7.19 In considering whether it is feasible for existing frontline staff to carry out the data collection task, analysts will want to consider issues such as:
• whether there is a culture that is open to research in the participating organisations;
• whether the participating organisations have a particular interest in a certain outcome;
• how heavily the new requirements would impact on the business as usual of frontline staff;
• whether frontline staff are well placed to know the information;
• whether using frontline staff will result in biased data;
• whether there is any means of verifying the completeness and accuracy of the data; and
• whether any necessary changes or additions to IT systems are feasible.
7.20 It is also important not to burden staff with a broad ranging request "for completeness" where there is not a clear match between the level of detail in the data being requested and the analyses actually planned. Indeed the researcher should be able to demonstrate how the data requested will enable the policy to be improved. Where in-house data collection is not feasible, or appropriate, potential alternatives include bespoke surveys, perhaps undertaken and quality-assured by internal or external analysts, and embedded research staff. It is worth noting that monitoring data can be distorted by changes in recording practices, for example, as awareness increases during the course of policy implementation, therefore it is important to ensure that data recording practices remain constant.
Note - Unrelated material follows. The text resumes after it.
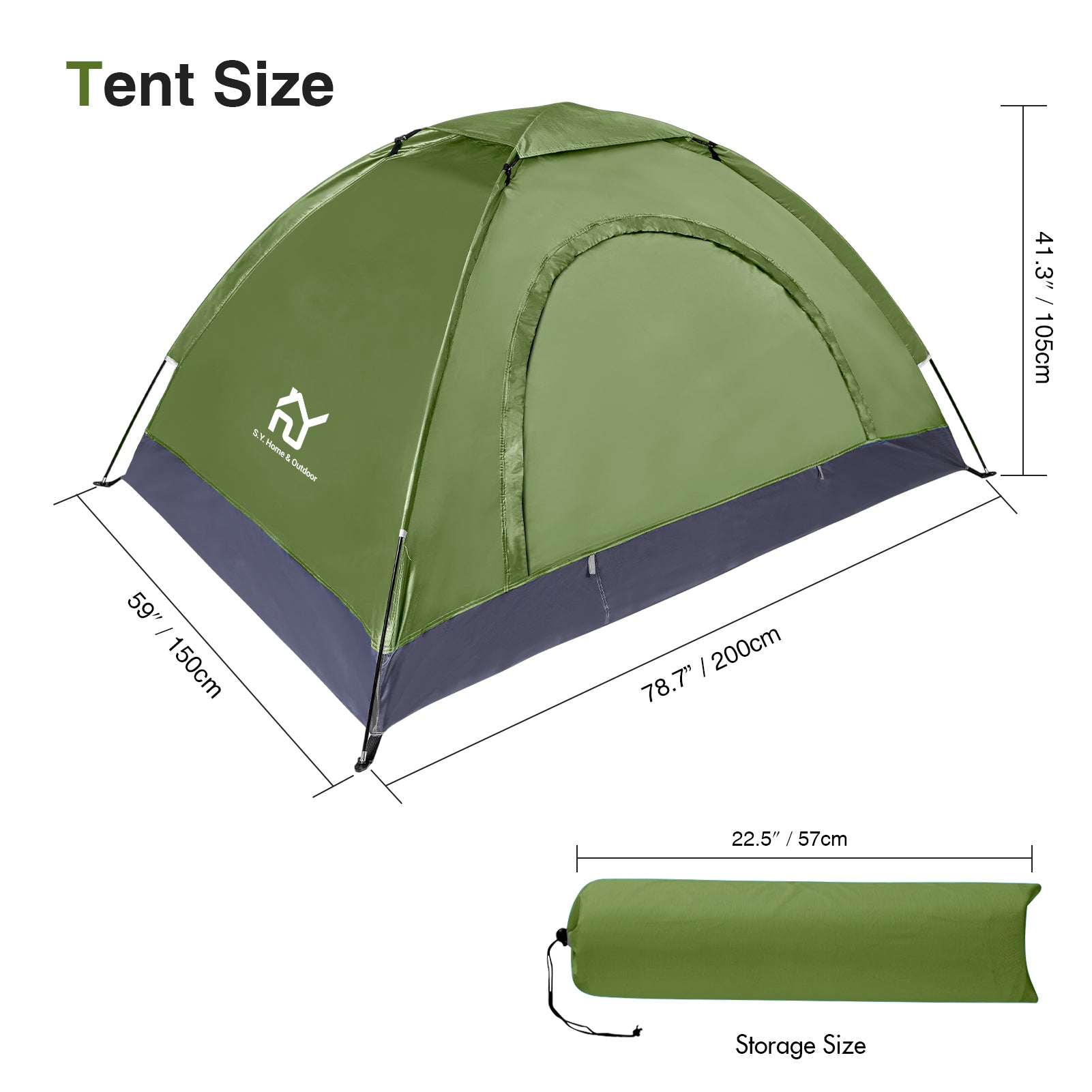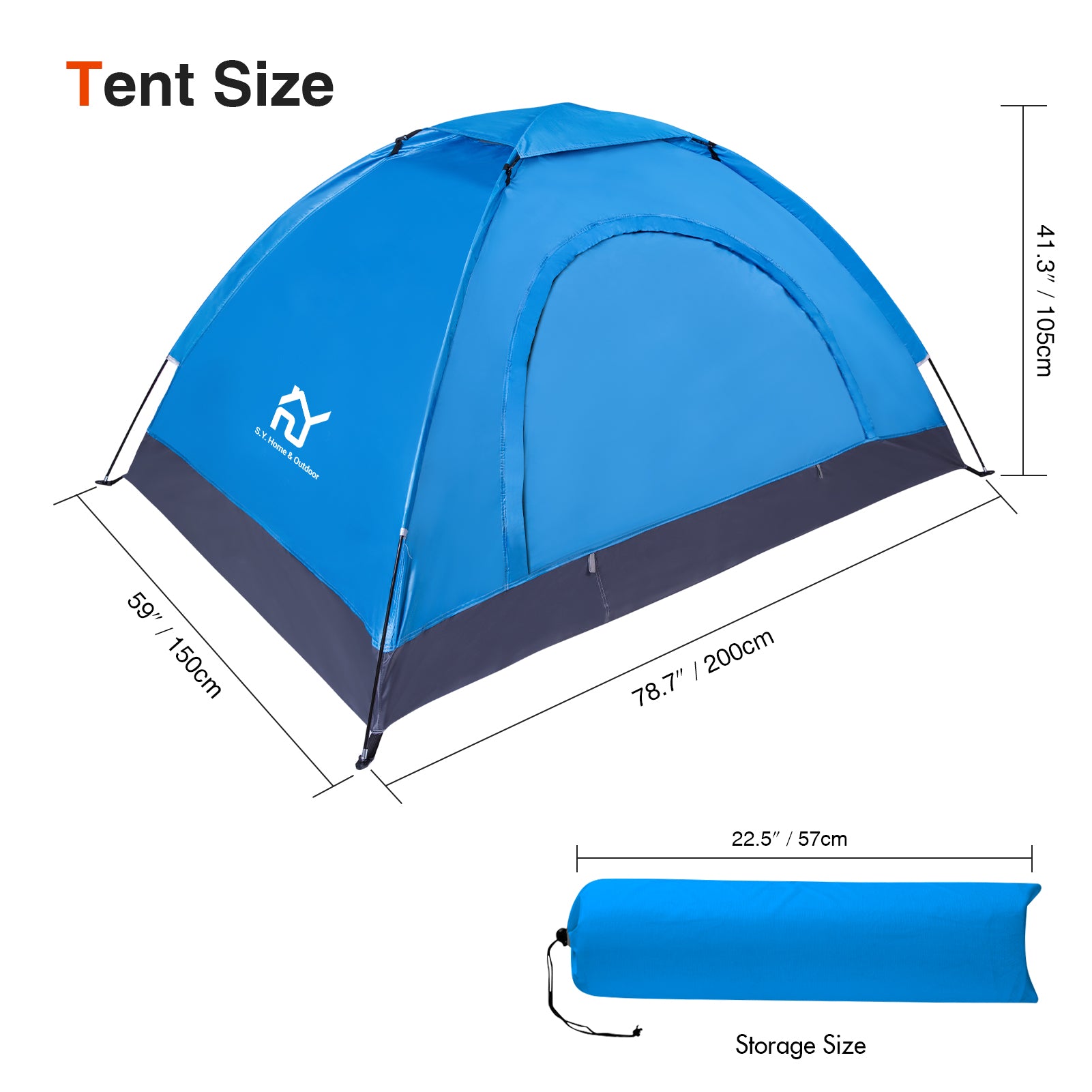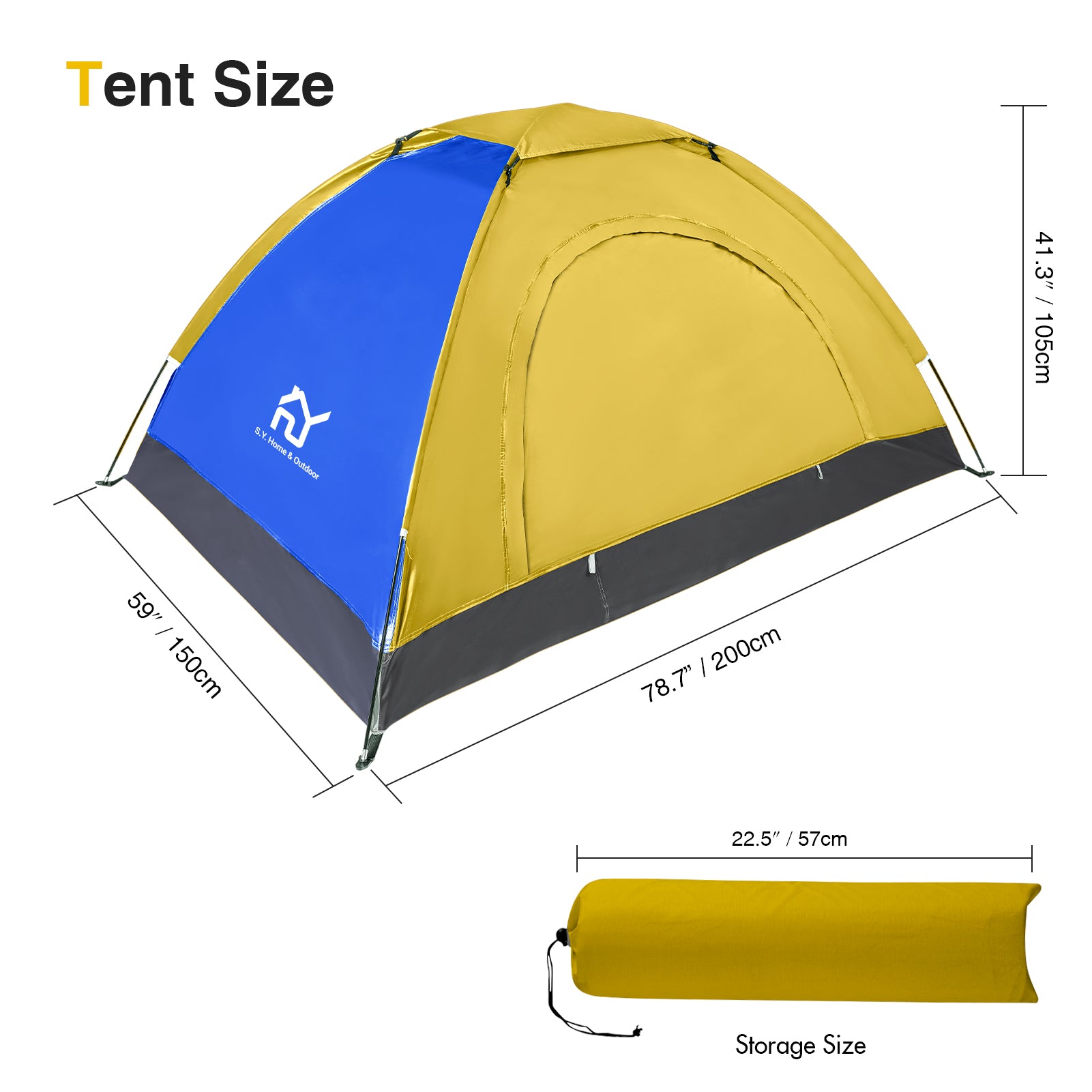 - EASY CARRY - The 2 person tent's unfolding size: 78.7''x 59''x 41.3'', storage size: 22.5". This lightweight tent is spacious for 2 adults. It's ideal for Camping,Hiking,Fishing,beach or backyard activities.Family or Couple outdoor adventure.

7.21 Box 7.C illustrates the key questions and considerations that need to be taken into account to design an effective monitoring system and subsequently to facilitate a good quality evaluation.


7.22 What if existing monitoring data is insufficient to answer the evaluation research questions?
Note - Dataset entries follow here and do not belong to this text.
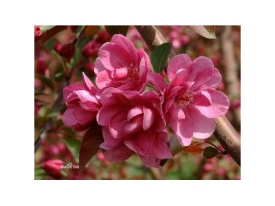 小喬木,高5~7m,冠幅4~5m,樹形為開放的圓形,干深褐紅色。葉片橢圓形,先端漸尖,鋸齒淺。4月上旬始花,花蕾深粉色,表面鄒折,開放后花深紅色,并逐漸變淺,花重瓣,花瓣13枚左右,上有白色斑紋,量大密集,直徑5cm;果實暗紫紅色,表面有一層藍紫色蠟霜,球形,直徑1.8cm, 8月底至9月初成熟,轉(zhuǎn)為黃色后脫落。凱爾斯海棠枝條斜展,又是獨特的重瓣品種,花量大,花密集,但果實早落。
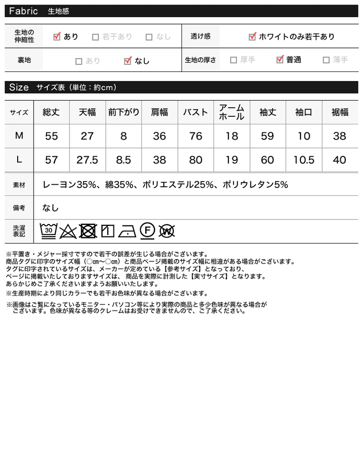洗濯・アイロンをする際は、商品タグの品質表示をご確認ください。
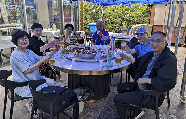 车先生和方女士多数时间在上海帮着女儿照顾孩子。2024年7月,他们从上海回到小城,朋友小聚,方女士说,前些天他们一家和况先生一家,像2023年一样在日照万平口又做了一次“深度游”。

7.23 Before launching new data collection processes it is important to review existing financial, administrative and monitoring data generation processes to identify whether the required evaluation data can be sourced from existing data sets, or an extension of an existing data set collection processes.
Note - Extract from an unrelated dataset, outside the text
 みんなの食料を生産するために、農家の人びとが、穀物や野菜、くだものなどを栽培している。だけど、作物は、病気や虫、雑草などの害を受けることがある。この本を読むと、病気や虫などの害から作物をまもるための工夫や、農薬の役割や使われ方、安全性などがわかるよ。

7.24 Frequently, however, new data, whether new monitoring data, or other forms of primary data, will need to be collected. This requires advance planning and ideally should be specified when designing a policy to ensure that the systems are in place to provide evaluators with the required data.
7.25 In the absence of regular data collection on the inputs, outputs and outcomes of a policy (which may be particularly important for an impact evaluation), subsequent evaluation may need to:
• highlight this as a shortcoming and identify the reasons for the data not being available; and
• take steps, as far as possible, to retrospectively collect and analyse data on the performance of the project.
7.26 However, attempting to retrospectively collect data in this way is not recommended. It is very likely to be more expensive than collecting data at the same time the policy was taking place. In addition, data may no longer be available or may be inaccurate or piecemeal and the opportunity to validate this data may have been lost. Information may not have been collected on drop-outs which may bias the findings. This is particularly relevant where this information is required to contact participants or where it is needed in order to identify them in other datasets.In summary, it can mean that an evaluation is not possible or that its findings are much less reliable than if data had been collected at the same time the policy was being delivered. Planning an evaluation, and its data requirements, early will therefore minimise the need to collect data retrospectively.